* Directions for this task
Below are records with pictures. Transcribe exactly, and only, the lines from the line with "如附圖所示,他們開發(fā)" to the line with "Ничего необычного, просто", both ends included, but not the pictures.

** Opening Data provided block **

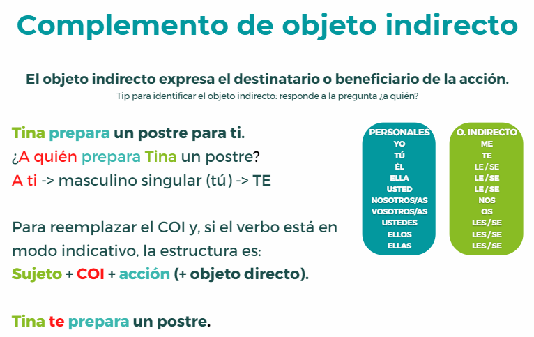 But there is also the indirect object complement, which is expresses the recipient or beneficiary of the action. Tip for identifying the indirect object: answer the question "to whom? For example:
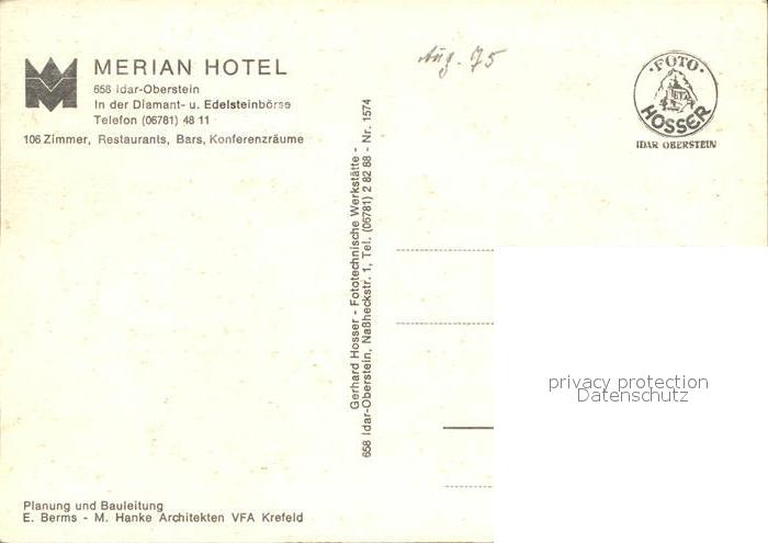 72425058 Idar-Oberstein Merian Hotel postalisch nicht gelaufen Erhaltung siehe scans KatCode: 11110007134045
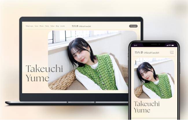 今回オープンしたのは竹内夢のオフィシャルファンクラブです。当サイトでは、会員限定の写真やムービー、チケット先行など、特別なコンテンツをお楽しみいただけます。
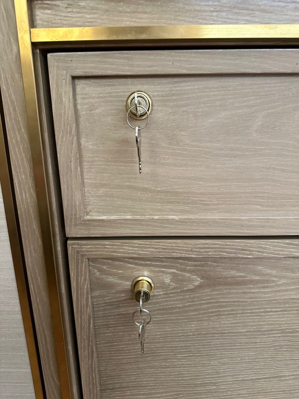 The reflective surface of the gold finish catches the light, creating a dazzling display that draws the eye and commands attention. Its rich, warm hue evokes feelings of luxury and grandeur, instantly elevating the aesthetic appeal of the drawer and the surrounding space.
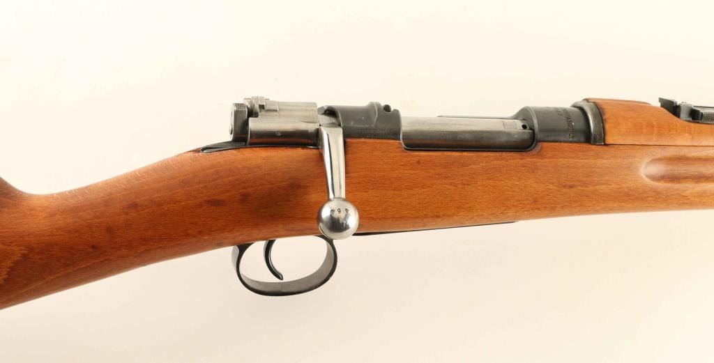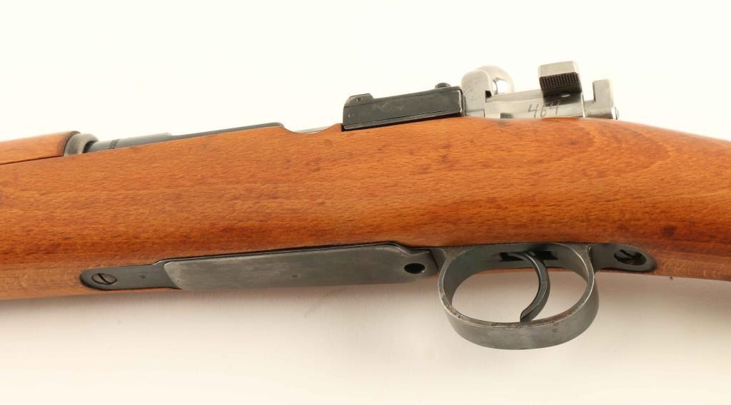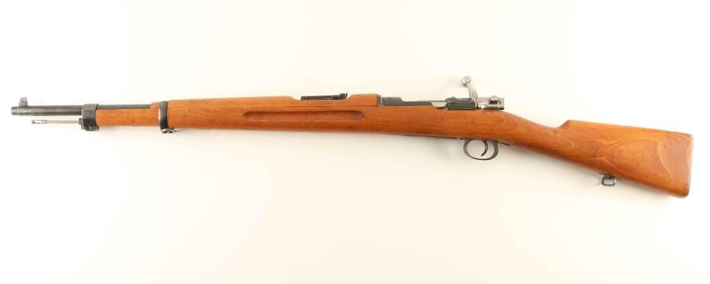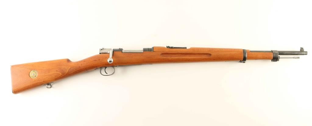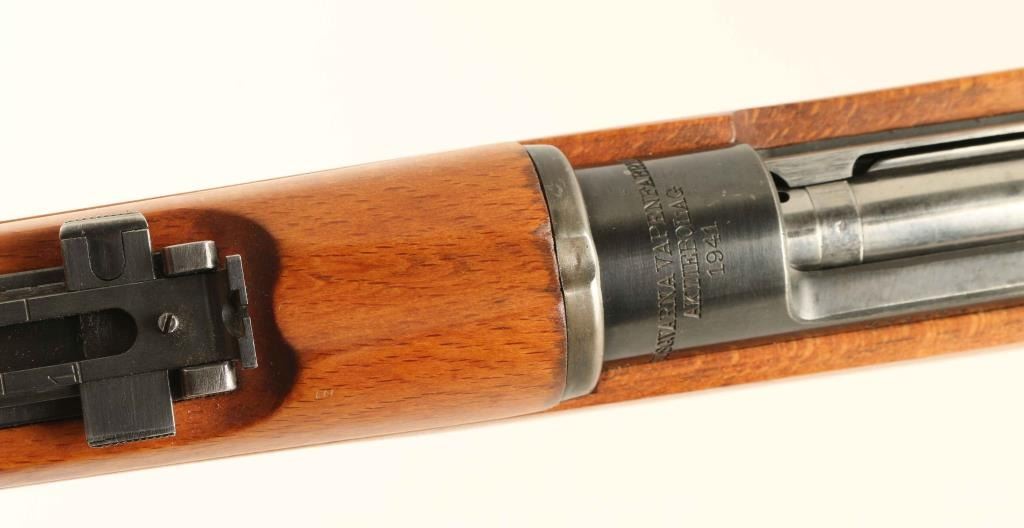 WWII era Swedish military bolt action service rifle chambered in 6.5x55mm Swedish, manufactured circa 1941. Imported by Classic Distributors of Swan, V.T. with small import marks on the underside of the barrel. Features a blued finish, 23.5" barrel, dovetailed +025 patridge front sight on +075 base, tangent rear sight graduated to 600 meters, cleaning rod, bayonet lug, smooth trigger, internal 5 round box magazine, integral stripper clip guide cuts in the receiver, polished bolt with turned-down handle & three-position manual safety on the rear, sling swivels, smooth wood handguard and straight grip shoulder stock with finger grooves in the forend, inlayed brass disc on the right side of the butt & a smooth metal buttplate. Serial numbers match on the receiver, bolt knob, cocking piece(electro pencil), bolt sleeve(electro pencil), safety and buttplate with no other numbers observed. The stock disk is marked 6.51" bore diameter, #1 bore condition and 0 holdover. Rifle retains approximately 80% of it's blued finish showing thinning, finish loss on the bottom metal & floorplate and several small dings on the barrel. Action is smooth, the bore is very good+ and the wood stocks are near fine. Condition is NRA Very Good+. ***C&R Firearm***
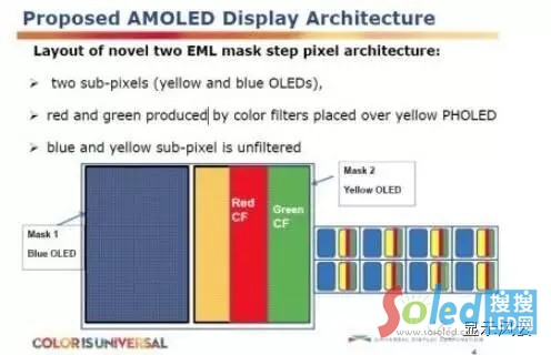 如附圖所示,他們開發(fā)的這種結(jié)構(gòu),其實就是兩大塊子像素為基礎(子像素越大,越好加工,良率越高),分別為藍色和黃色,藍色因為發(fā)光效率低易損,所以面積加大從而增加壽命及亮度;黃色的子像素分三部份,其中三分之一原色顯示,另外三分之二分別加綠色和紅色的濾光片.也就是紅綠黃藍四色顯示...這種技術(shù)在LG比較容易實現(xiàn),與其現(xiàn)有技術(shù)相差不多.而對于執(zhí)著于RGB原色顯示OLED技樣的三星來說,估計不會用。
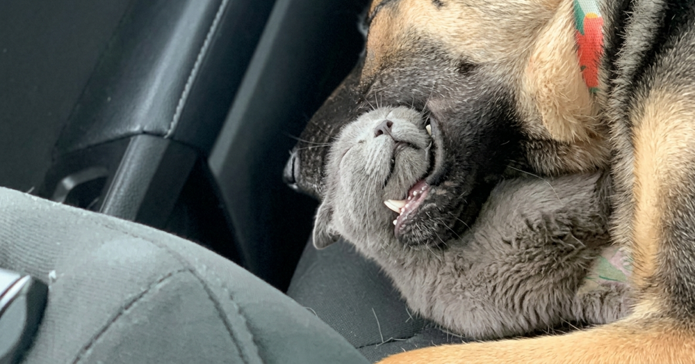 Ничего необычного, просто кошка спит в машине, засунув голову в пасть собаки.
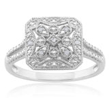 This diamond ring is a delight to wear, with neat design and a never-ending sparkle. This piece will turn heads in stunning silver and catch glances with its intricate brilliant cut diamonds.
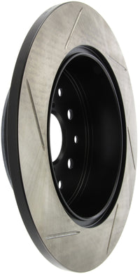 StopTech Slotted Sport Rotors are 1-piece direct replacement brake discs for factory brake systems and stock calipers that look great behind your wheels – and offer significantly improved braking performance. The unique slotting aids with heat and brake dust dispersal, prevents glazing of the pads, adds bite and improves wet and dry braking performance. Built to last, the black e-coating provides protection from corrosion and the high carbon metallurgy (in most applications) offers quieter operation, better crack resistance and increased performance.
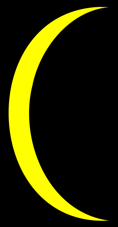 This is a completely free image A black and yellow moon with a white crescent that you can download, post, and use for any purpose.
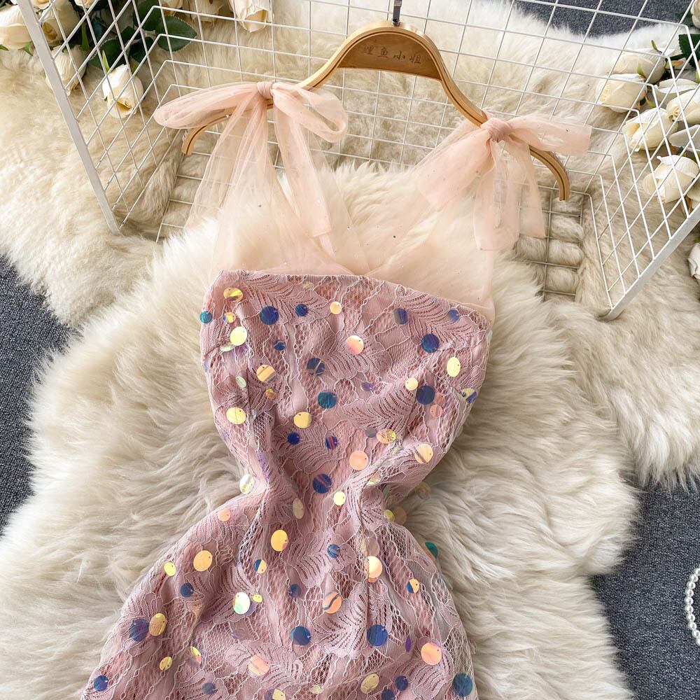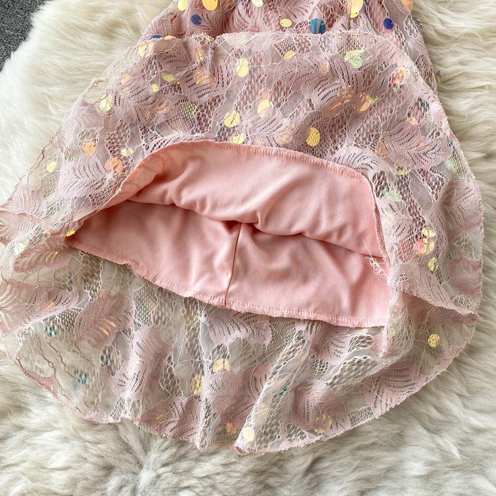 ワンピース Aラインワンピ ピンク スパンコールキラキラ ミモレ丈 柄 春 夏 秋 冬 Aライン レース 切り替えデザイン かわいい 大人可愛い きれいめ 大人 上品 おしゃれ お洒落 大人可愛い 大人女子 とろみ感 スクエアネック ミモレレディース 袖なし 異素材MIX ピンク くすみカラー 大人カラー 光沢 S M L 20代 30代 デート 女子会 休日 パーティー イベント 着回し 韓国 韓国系 オルチャン ファッション コーデ スタイル モテ 新作 定番 プチプラ トレンド 流行 インスタ映え
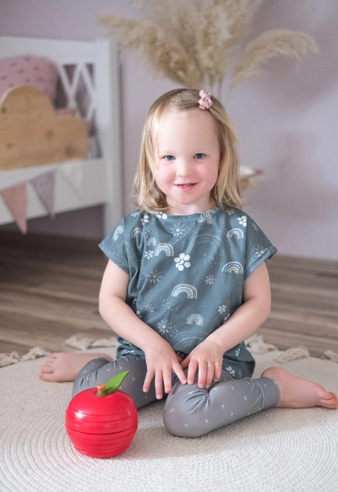 Piese din lemn netede și rezistente, în culori vii, completate de o frunză din pâslă. Plăcut la atingere, sigur și pregătit pentru joacă frecventă.
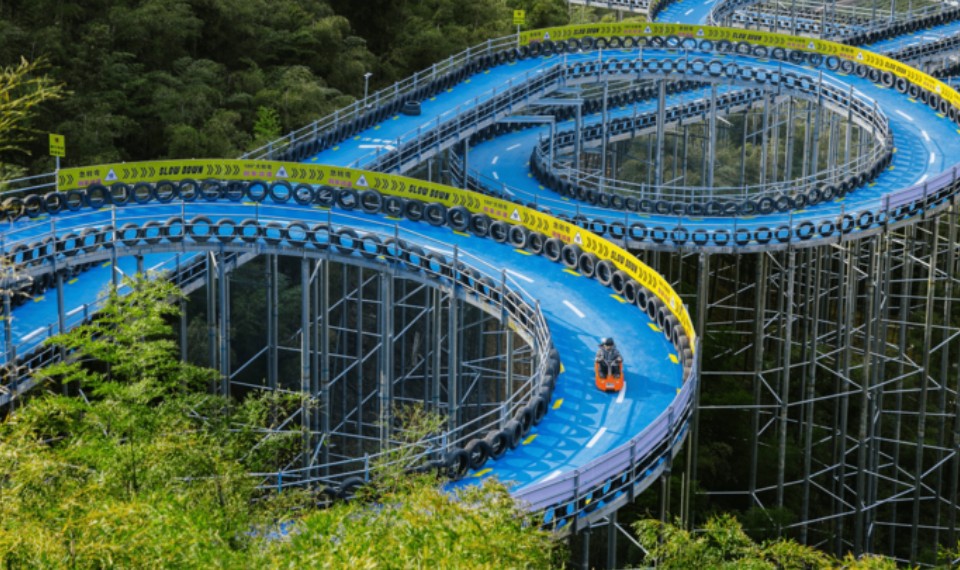 天路飞车,大洋彼岸的超酷玩法,坐上2200米滑板车,一层层绿色的“竹浪”向你奔赴而来,风驰电掣,体验速度高度的双重刺激。
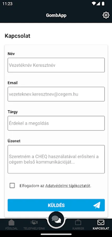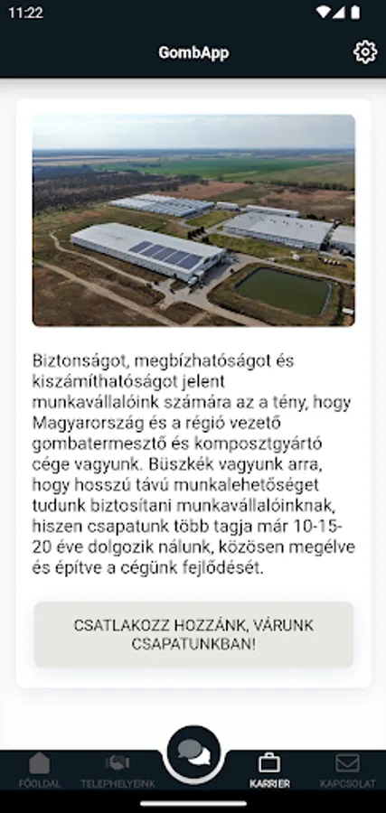 GombApp - Biofungi's CHEQ application for the company's employees, one of the online communication tools of the Talk-A-Bot flagship product line, primarily to support the company's HR and internal communication.

** Closing Data provided block **

* Final answer
 如附圖所示,他們開發(fā)的這種結(jié)構(gòu),其實就是兩大塊子像素為基礎(子像素越大,越好加工,良率越高),分別為藍色和黃色,藍色因為發(fā)光效率低易損,所以面積加大從而增加壽命及亮度;黃色的子像素分三部份,其中三分之一原色顯示,另外三分之二分別加綠色和紅色的濾光片.也就是紅綠黃藍四色顯示...這種技術(shù)在LG比較容易實現(xiàn),與其現(xiàn)有技術(shù)相差不多.而對于執(zhí)著于RGB原色顯示OLED技樣的三星來說,估計不會用。
 Ничего необычного, просто кошка спит в машине, засунув голову в пасть собаки.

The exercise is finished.